The above morphological characteristics and 16S rDNA gene sequence results are combined, and it is shown that the bacteria selected by the present invention are classified into Acetobacter pasteurisi (Acetobacter pasteurianus) of Acetobacter (Acetobacter) and named Acetobacter pasteurisi (Acet obacter pasteurianus) WY202202 strain which was deposited at the microorganism strain deposit center (GDMCC) of Guangdong province at 7/8 of 2022, with the deposit number: GDMCC No:62536, address: building 5 of Guangzhou City martyr of Guangdong province, no. 100 of the university of road 59, post code: 510070.
EXAMPLE 2 Effect of WY202202 Strain on caenorhabditis elegans
1. Activation of bacterial species
Inoculating the Acetobacter pasteurii WY202202 100 mu L frozen at-80 ℃ into 5mL of acetic acid bacteria liquid culture medium, culturing for 20-24 h at 30 ℃ in a 180r/min shaking table, and activating the strain.
2. Culture of caenorhabditis elegans
E.coli OP50 (8.4X10 9 CFU/mL) was spread on NGM medium as nematode diet, then wild C.elegans N2 was picked up and placed on the surface of NGM medium and cultured in a biochemical incubator at 20℃where nematodes were transferred to fresh E.coli OP 50-coated NGM plates every 2 days.
3. Synchronization of caenorhabditis elegans
The nematodes in the L4 stage are collected in a centrifuge tube, 1mL of M9 buffer is added to wash out redundant escherichia coli OP50, the supernatant is removed after standing and precipitation, and the washing is repeated for 3 times. Then adding 1mL of lysate, shaking thoroughly, removing supernatant, centrifuging with M9 buffer solution (3000 r/min,1 min) for 3 times, removing supernatant and retaining ovum, transferring ovum onto new NGM plate, incubating in biochemical incubator at 20deg.C, and growing into L1 stage larva after about 16 hr.
4. Determination of caenorhabditis elegans longevity
Culturing Acetobacter pasteurii WY202202 and Escherichia coli OP50 in liquid culture medium respectively to logarithmic phase, centrifuging at 4deg.C and 8000r/min for 10min, collecting Acetobacter pasteurii WY202202 thallus and fermentation supernatant, and filtering with 0.22 μm filter membrane to obtain the metabolite of the strain to be tested. Meanwhile, inactivating the acetobacter pasteurellosis WY202202 thalli to be detected at 100 ℃ for 15min to prepare dead thalli to be detected; the metabolites of Acetobacter pasteurii WY202202 and the E.coli OP50 were each prepared according to a ratio of 1:1, re-suspending dead bacteria of Acetobacter pasteurisis WY202202 and sterile water, and live bacteria of Acetobacter pasteurisis WY202202 serving as food, and respectively feeding caenorhabditis elegans N2 by taking only escherichia coli OP50 as a control, and measuring the service life.

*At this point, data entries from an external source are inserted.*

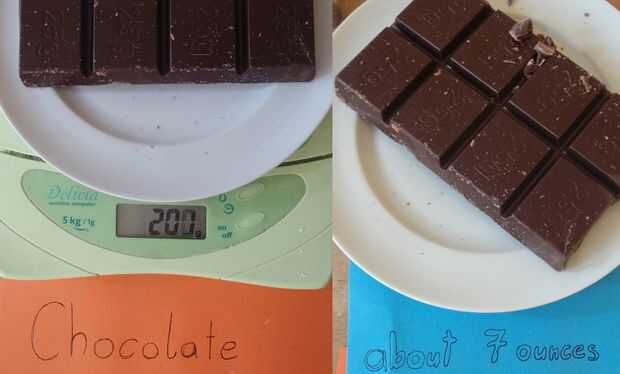 200 gramos o alrededor de 7 onzas de chocolate (si prefieres cacao que está muy bien también, pero recomiendo chocolate.)
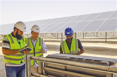 由中國(guó)企業(yè)總承包的阿聯(lián)酋艾爾達(dá)芙拉光伏電站可供20萬戶居民用電,每年減少二氧化碳排放240萬噸,使清潔能源在阿聯(lián)酋總能源結(jié)構(gòu)中的比重提高到13%以上。圖為中外員工在艾爾達(dá)芙拉光伏電站工作。
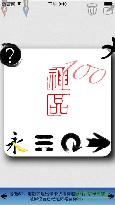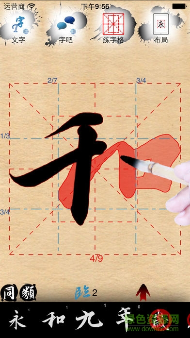 1.点击书法字体可进行临帖;
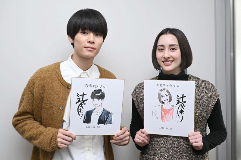 さらに、辻やもり氏が描く、萩原利久と早見あかりのイラストが、後日サプライズで現場に届けられた。2人は驚きの表情を見せながらも、満面の笑みで受け取り、
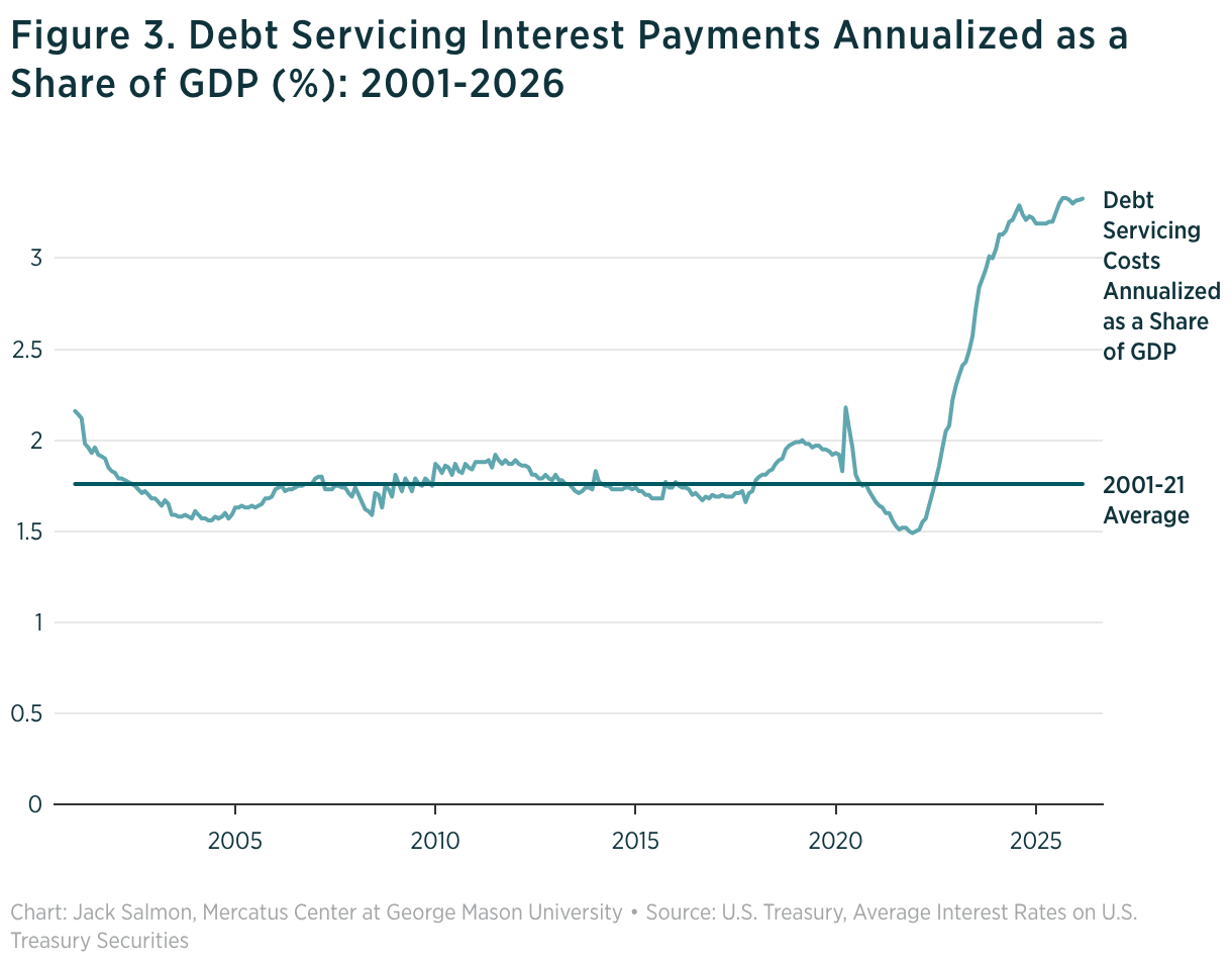 Figure 3. Debt Servicing Interest Payments Annualized as a Share of GDP (%): 2001-2026
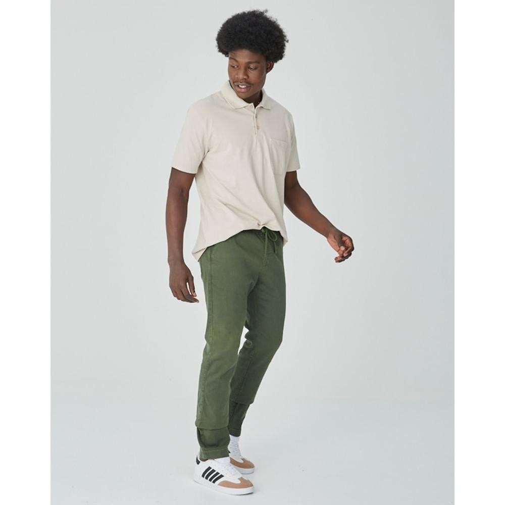 Calça Chino Masculina Cadarço Frontal Em Sarja Com Elastano

90L 1-stage caenorhabditis elegans N2 which are subjected to the same period as the steps are picked, respectively placed on NGM flat plates containing live bacteria, dead bacteria and metabolites thereof of Acetobacter pasteurii WY202202 and escherichia coli OP50, and placed in a biochemical incubator at 20 ℃ for culture. All the living nematodes are picked every 1 day and transferred to a fresh NGM plate coated with bacterial liquid, so that the newly hatched nematodes are prevented from affecting the experimental result. The experiment was continued until the nematodes were all dead and a nematode life curve was drawn.
5. Test results
As a result, as shown in FIG. 2, the average lives of the live bacteria, dead bacteria and metabolites thereof of Acetobacter pastoris WY202202 were significantly prolonged by 45.4%, 20.5% and 29.7% (p < 0.05), respectively, as compared with the average life span (10 d) and the maximum life span (20 d) of E.coli OP50 fed, which were prolonged by 10 days, 2 days and 5 days, respectively, indicating that the live bacteria, dead bacteria and metabolites thereof of Acetobacter pastoris WY202202 were able to significantly prolong nematode life.

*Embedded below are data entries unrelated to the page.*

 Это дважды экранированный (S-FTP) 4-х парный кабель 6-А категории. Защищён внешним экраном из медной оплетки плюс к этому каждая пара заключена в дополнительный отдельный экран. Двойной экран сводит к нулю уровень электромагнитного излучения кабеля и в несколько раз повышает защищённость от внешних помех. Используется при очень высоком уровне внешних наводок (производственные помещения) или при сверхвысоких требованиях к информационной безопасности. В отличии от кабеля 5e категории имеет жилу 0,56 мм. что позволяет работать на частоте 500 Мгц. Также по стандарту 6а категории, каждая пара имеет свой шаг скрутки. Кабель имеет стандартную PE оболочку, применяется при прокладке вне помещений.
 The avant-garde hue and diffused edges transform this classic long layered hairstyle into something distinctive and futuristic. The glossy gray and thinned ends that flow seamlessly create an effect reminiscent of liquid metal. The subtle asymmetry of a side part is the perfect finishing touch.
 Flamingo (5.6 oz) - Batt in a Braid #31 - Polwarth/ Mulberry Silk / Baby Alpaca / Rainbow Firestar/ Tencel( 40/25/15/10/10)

EXAMPLE 3 Effect of WY202202 Strain on caenorhabditis elegans body length, motility and fertility
1. Test method
(1) To verify whether Acetobacter pasteurii WY202202 affects the body length of nematodes, nematodes cultured in synchronization to day 3 were picked, soaked in a hot water bath at 70℃for 30min to rigidify the nematode body and the worms were drawn onto a glass slide, and the body length of the nematodes was observed and measured with an optical microscope, and at least 10 nematodes were repeated for each set of experiments.
(2) Exercise capacity is one of the key indicators of health, and exercise condition and exercise capacity gradually deteriorate and weaken with aging of the body. The Acetobacter pasteurii WY202202 strain is adopted to culture caenorhabditis elegans, the culture method is the same as that of example 2, only E.coli OP50 is used as a control group, 20 nematodes are randomly picked up on a fresh NGM plate on the 3 rd day, after the nematodes freely move for 30 seconds, the head swinging times of the nematodes are observed by a stereomicroscope within 1min, and one head swinging is that the heads of the nematodes swing from one side to the other side.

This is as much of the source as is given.